▶ _DATASET EXTRACT_:
* * *

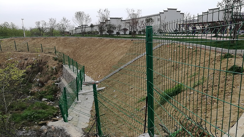 桃型柱隔離柵由三角折彎網(wǎng)片與桃形立柱組成,與其他金屬護(hù)欄網(wǎng)不同的是,桃型柱隔離柵在安裝時,并非是在安裝完所有立柱后,再安裝網(wǎng)片的,而是先安裝第一根立柱,緊接著安裝第一張網(wǎng)片,再安裝第二根立柱,再掛網(wǎng)片,依此類推。之所以桃形柱防護(hù)網(wǎng)采用這樣的方式安裝,是因為它在連接時,是不需要用螺絲配件來組裝的,而是直接將網(wǎng)片掛在立柱的凹槽內(nèi),立柱所帶的凹槽是根據(jù)網(wǎng)片的尺寸來訂做的,所以,稍微有點誤差就無法安裝。在斜坡上安裝時,要先測量好斜坡的坡度,再制定安裝方案,最后敲定防護(hù)網(wǎng)尺寸。如果是高低不平的地面,安裝起來則比較麻煩,甚至是無法安裝。
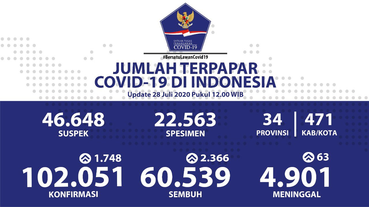 Breaking News Covid-19 di Indonesia 28 Juli 2020: Bertambah 1.748 , Total Positif Kini 102.051
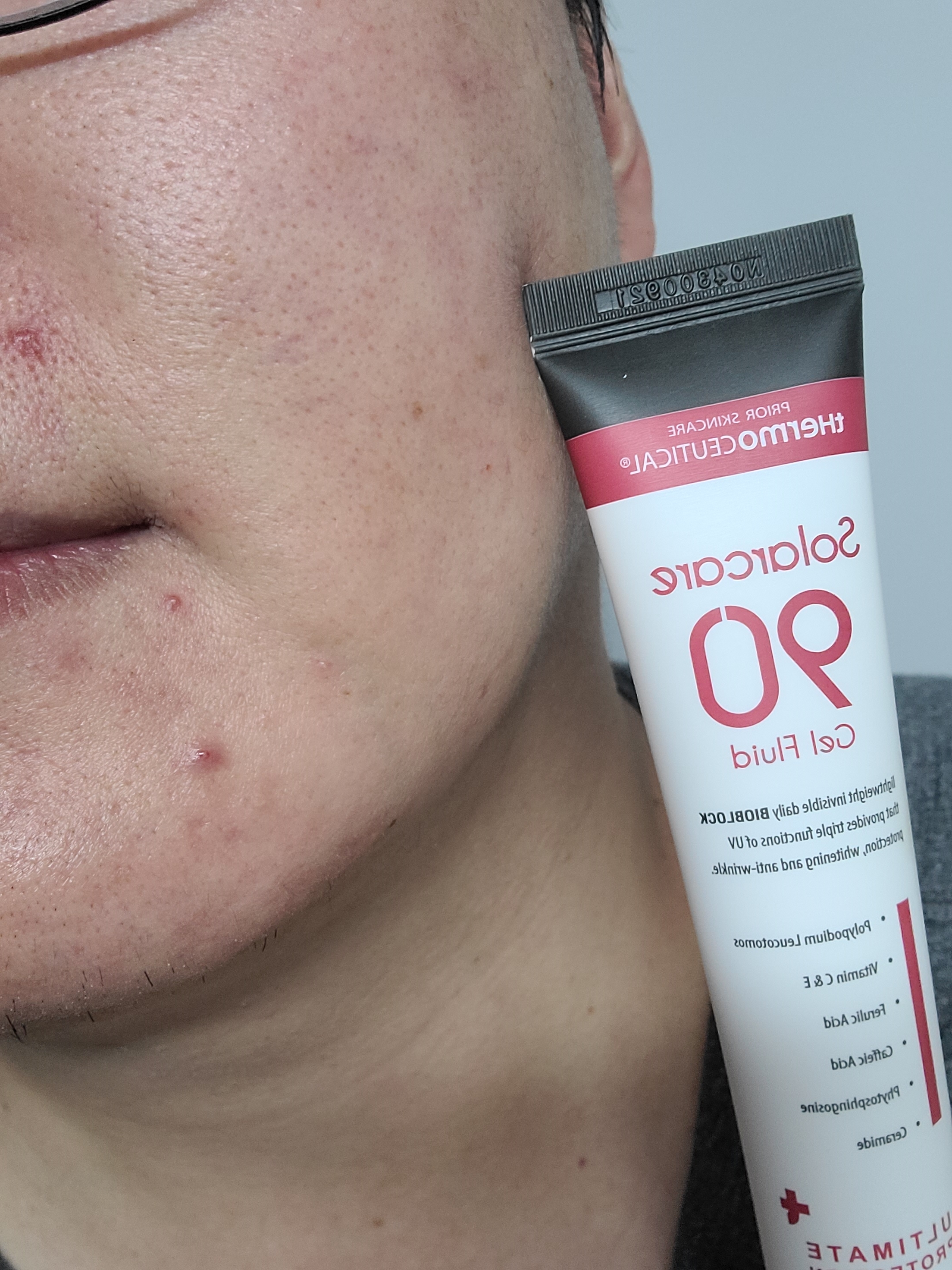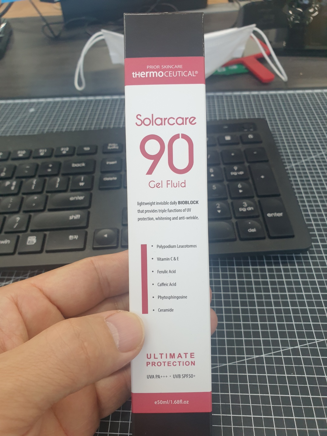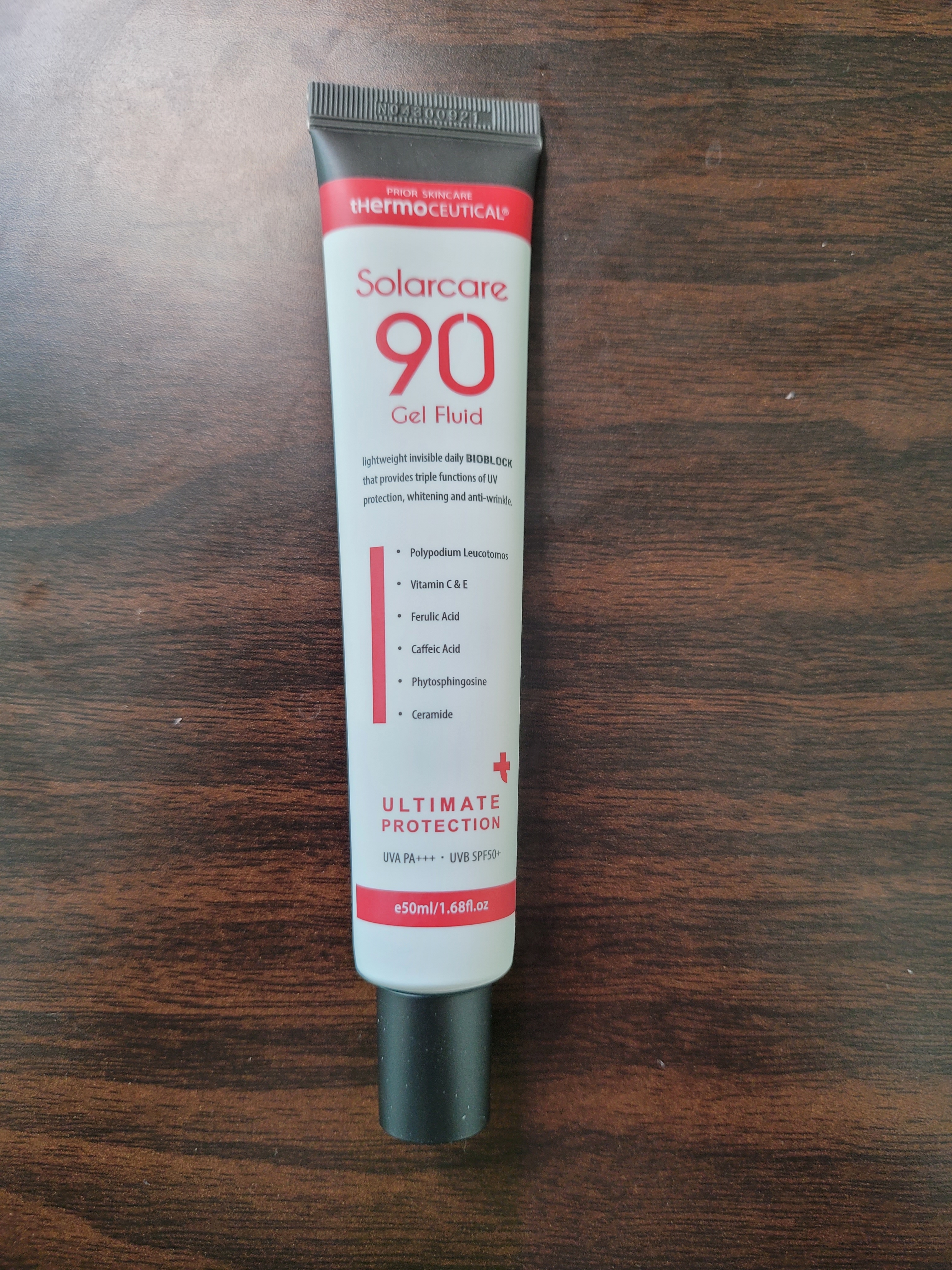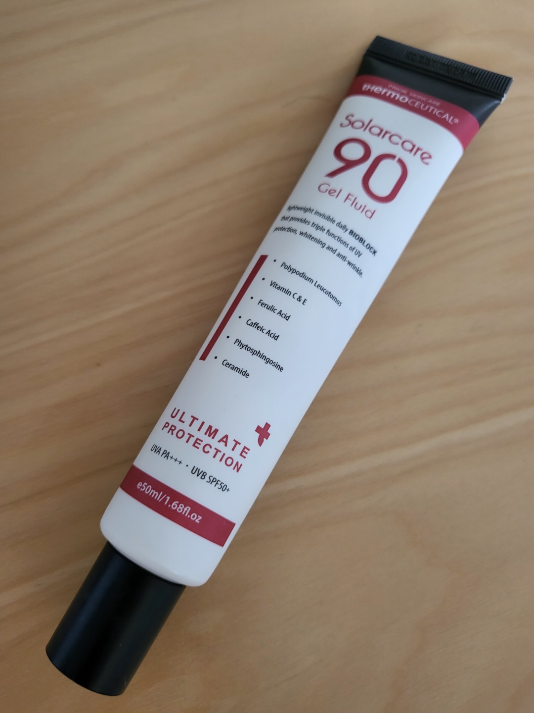 제품 패키징 앞면에 Solarcare 90 gel fluid라고 쓰여있는데 90이라는 숫자가 크게 와닿지가 않습니다. 이 대신에 UVA PA+++, UVB SPF 50+를 더 크게 잘 보이게끔 하는것이 일반 소비자가 보기에 더 와닿지 않을까 하는 생각입니다.

* * *

▶ _PROBLEM STATEMENT_:
Write the material out again exactly. Skip each picture.

▶ _RESPONSE TO THE TASK_:
 桃型柱隔離柵由三角折彎網(wǎng)片與桃形立柱組成,與其他金屬護(hù)欄網(wǎng)不同的是,桃型柱隔離柵在安裝時,并非是在安裝完所有立柱后,再安裝網(wǎng)片的,而是先安裝第一根立柱,緊接著安裝第一張網(wǎng)片,再安裝第二根立柱,再掛網(wǎng)片,依此類推。之所以桃形柱防護(hù)網(wǎng)采用這樣的方式安裝,是因為它在連接時,是不需要用螺絲配件來組裝的,而是直接將網(wǎng)片掛在立柱的凹槽內(nèi),立柱所帶的凹槽是根據(jù)網(wǎng)片的尺寸來訂做的,所以,稍微有點誤差就無法安裝。在斜坡上安裝時,要先測量好斜坡的坡度,再制定安裝方案,最后敲定防護(hù)網(wǎng)尺寸。如果是高低不平的地面,安裝起來則比較麻煩,甚至是無法安裝。
 Breaking News Covid-19 di Indonesia 28 Juli 2020: Bertambah 1.748 , Total Positif Kini 102.051
 제품 패키징 앞면에 Solarcare 90 gel fluid라고 쓰여있는데 90이라는 숫자가 크게 와닿지가 않습니다. 이 대신에 UVA PA+++, UVB SPF 50+를 더 크게 잘 보이게끔 하는것이 일반 소비자가 보기에 더 와닿지 않을까 하는 생각입니다.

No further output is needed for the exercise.